To investigate the efficacy of the sole core decompression surgery for the treatment of steroid-induced femoral head osteonecrosis.
The model was established by administration of steroids in combination with horse serum. The rabbits with bilateral femoral head osteonecrosis were randomly selected to do the one side of core decompression. The other side was used as the sham. Quantitative RT-PCR and western blot techniques were used to measure the local expression of BMP-2 and PPAR-γ. Bone tissues from control and operation groups were histologically analyzed by H&E staining. The comparisons of the local expression of BMP-2 and PPAR-γ and the bone regeneration were further analyzed between different groups at each time point.
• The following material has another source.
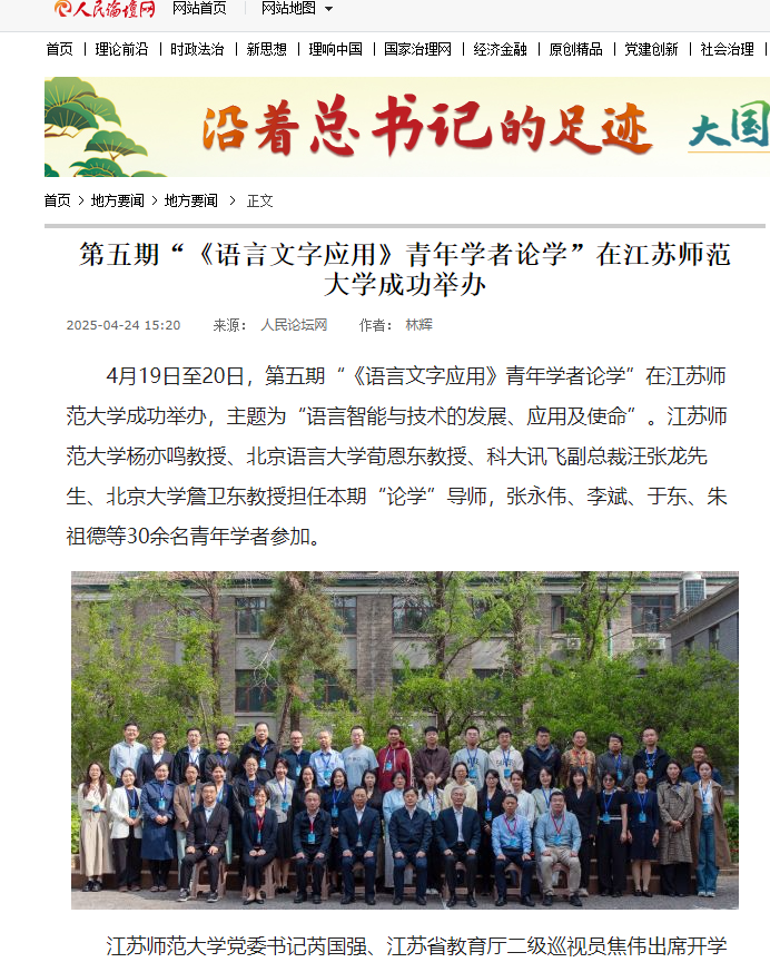 人民論壇網(wǎng)4月24日報道在我校舉行的第五期“《語言文字應用》青年學者論學”,報道內容如下:

The expression of BMP-2 in the osteonecrosis femoral head with or without decompression was significantly lower than that in normal animals. BMP-2 expression both showed the decreasing trend with the increased post-operation time. No significant difference of BMP-2 expression occurred between femoral head osteonecrosis with and without decompression. The PPAR-γ expression in the femoral head osteonecrosis with and without core decompression both was significantly higher than that in control. Its expression pattern showed a significantly increased trend with increased the post-operation time. However, there was no significant difference of PPAR-γ expression between the femoral head osteonecrosis with and without decompression at each time point. Histopathological analysis revealed that new trabecular bone and a large number of osteoblasts were observed in the steroid-induced femoral head osteonecrosis with lateral decompression at 8 weeks after surgery, but there still existed trabecular bone fractures and bone necrosis.
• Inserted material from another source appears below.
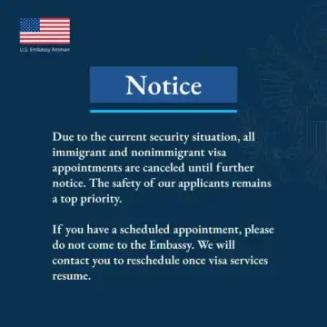 - Jordan's US Embassy cancels visa appointments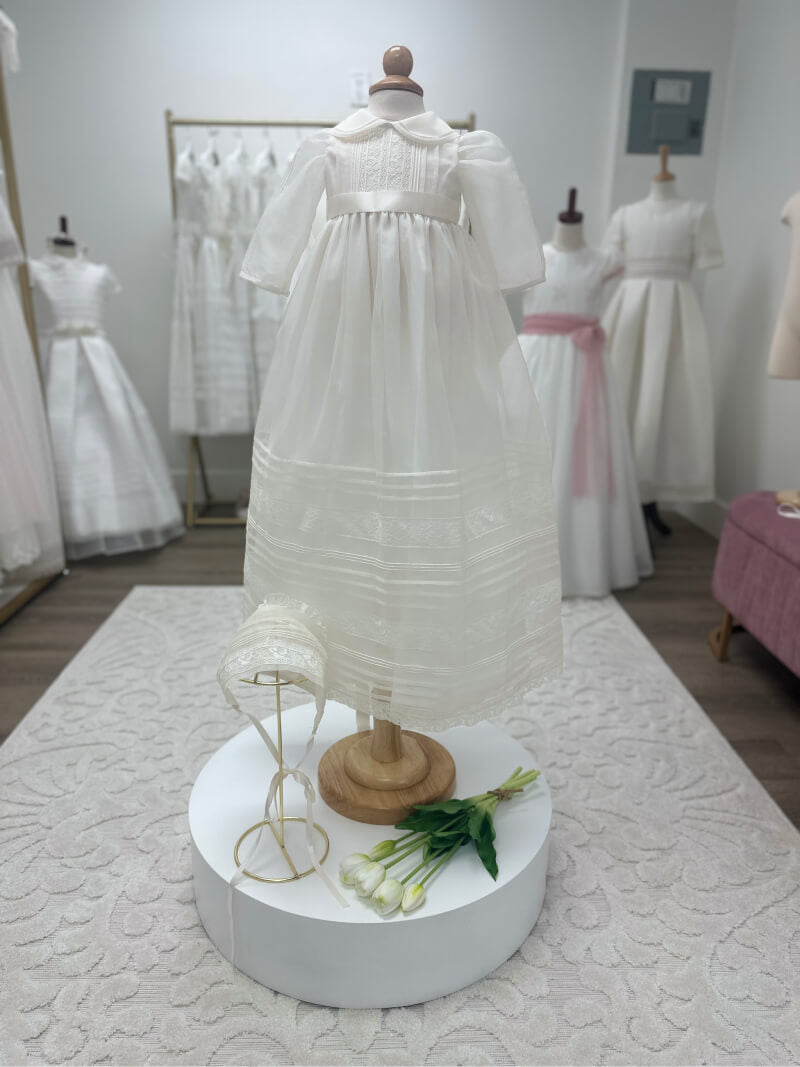 • Ivory baptism gown with matching baby hat – Classic and elegant, featuring delicate lace accents.

Although decompression takes partial effect in promoting bone regeneration in the early treatment of femoral head osteonecrosis, such an effect does not significantly improve or reverse the pathological changes of femoral head necrosis. Thus, the long-term effect of core decompression in the treatment of steroid-induced femoral head osteonecrosis is not satisfactory.
探讨单纯核心减压术治疗激素诱导性股骨头坏死的疗效。
采用激素联合马血清建立模型,随机选择双侧股骨头坏死兔进行一侧核心减压,另一侧作为假手术。采用定量 RT-PCR 和 Western blot 技术测量局部 BMP-2 和 PPAR-γ 的表达。通过 H&E 染色对对照组和手术组的骨组织进行组织学分析。进一步分析不同时间点各组之间局部 BMP-2 和 PPAR-γ 表达和骨再生的差异。
无论是否减压,坏死股骨头中的 BMP-2 表达均明显低于正常动物。BMP-2 表达随术后时间的延长呈下降趋势。股骨头坏死伴或不伴减压的 BMP-2 表达无明显差异。无论是否进行核心减压,股骨头坏死中 PPAR-γ 的表达均明显高于对照组。其表达模式随术后时间的增加呈显著增加趋势。然而,在每个时间点,股骨头坏死伴或不伴减压的 PPAR-γ 表达均无显著差异。组织病理学分析显示,术后 8 周,激素诱导性股骨头坏死侧减压后可见新的小梁骨和大量成骨细胞,但仍存在小梁骨骨折和骨坏死。
尽管减压术在早期治疗股骨头坏死中对促进骨再生有一定作用,但这种作用并不能显著改善或逆转股骨头坏死的病理变化。因此,核心减压术治疗激素诱导性股骨头坏死的长期效果并不理想。